# File dynamics

The term file dynamics is the motion of many particles in a narrow channel.

In science: in chemistry, physics, mathematics and related fields, file dynamics (sometimes called, single file dynamics) is the diffusion of N (N → ∞) identical Brownian hard spheres in a quasi-one-dimensional channel of length L (L → ∞), such that the spheres do not jump one on top of the other, and the average particle's density is approximately fixed.
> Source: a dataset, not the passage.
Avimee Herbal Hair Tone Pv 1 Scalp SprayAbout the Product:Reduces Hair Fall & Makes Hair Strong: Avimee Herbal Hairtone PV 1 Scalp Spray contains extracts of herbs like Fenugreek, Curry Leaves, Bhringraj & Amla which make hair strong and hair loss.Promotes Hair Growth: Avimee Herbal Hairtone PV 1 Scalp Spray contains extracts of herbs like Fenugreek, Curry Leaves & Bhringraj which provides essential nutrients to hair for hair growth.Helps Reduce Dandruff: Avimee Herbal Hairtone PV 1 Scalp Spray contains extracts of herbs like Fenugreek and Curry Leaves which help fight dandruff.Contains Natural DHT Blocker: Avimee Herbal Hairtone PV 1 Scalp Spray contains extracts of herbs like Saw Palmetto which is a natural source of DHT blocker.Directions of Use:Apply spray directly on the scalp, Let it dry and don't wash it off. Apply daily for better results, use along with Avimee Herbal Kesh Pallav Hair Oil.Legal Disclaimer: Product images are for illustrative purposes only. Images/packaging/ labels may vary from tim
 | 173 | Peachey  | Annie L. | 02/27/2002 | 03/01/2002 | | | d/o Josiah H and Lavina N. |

The most famous statistical properties of this process is that the mean squared displacement (MSD) of a particle in the file follows, ${\displaystyle \mathrm {MSD} \approx t^{\frac {1}{2}}}$, and its probability density function (PDF) is Gaussian in position with a variance MSD.[1][2][3]
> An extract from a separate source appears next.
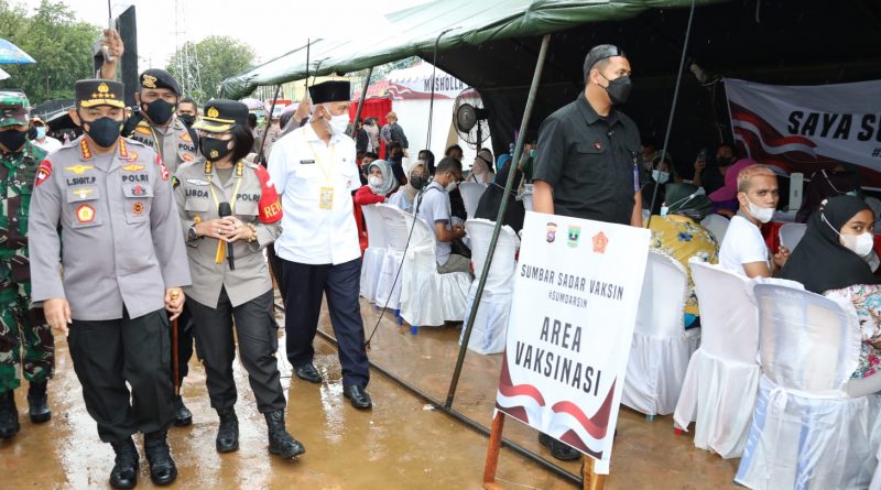Tak hanya memimpin rapat Forkopimda, Panglima dan Kapolri meninjau langsung kegiatan vaksinasi serentak Sumbar Sadar Vaksin (Sumdarsin) di GOR H. Agus Salim, Padang, Sumbar. Acara itu dilakukan bersamaan di 221 titik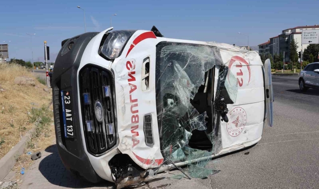 Elazığ'da hasta taşıyan ambulans ile aracın çarpışması sonucu meydana gelen trafik kazasında 5 kişi yaralandı. Takla atarak durabilen ambulansın hasta taşıdığı öğrenildi.

Results in files that generalize the basic file include:

• In files with a density law that is not fixed, but decays as a power law with an exponent a with the distance from the origin, the particle in the origin has a MSD that scales like, ${\displaystyle MSD\approx t^{\frac {1+a}{2}}}$, with a Gaussian PDF.[4]
• When, in addition, the particles' diffusion coefficients are distributed like a power law with exponent γ (around the origin), the MSD follows, ${\displaystyle MSD\approx t^{\frac {1-\gamma }{2/(1+a)-\gamma }}}$, with a Gaussian PDF.[5]
• In anomalous files that are renewal, namely, when all particles attempt a jump together, yet, with jumping times taken from a distribution that decays as a power law with an exponent, −1 − α, the MSD scales like the MSD of the corresponding normal file, in the power of α.[6]
• In anomalous files of independent particles, the MSD is very slow and scales like, ${\displaystyle MSD\approx log^{2}(t)}$. Even more exciting, the particles form clusters in such files, defining a dynamical phase transition. This depends on the anomaly power α: the percentage of particles in clusters ξ follows, ${\displaystyle \xi \approx {\sqrt {1-\alpha ^{3}}}}$.[7]
• Other generalizations include: when the particles can bypass each other with a constant probability upon encounter, an enhanced diffusion is seen.[8] When the particles interact with the channel, a slower diffusion is observed.[9] Files in embedded in two-dimensions show similar characteristics of files in one dimension.[7]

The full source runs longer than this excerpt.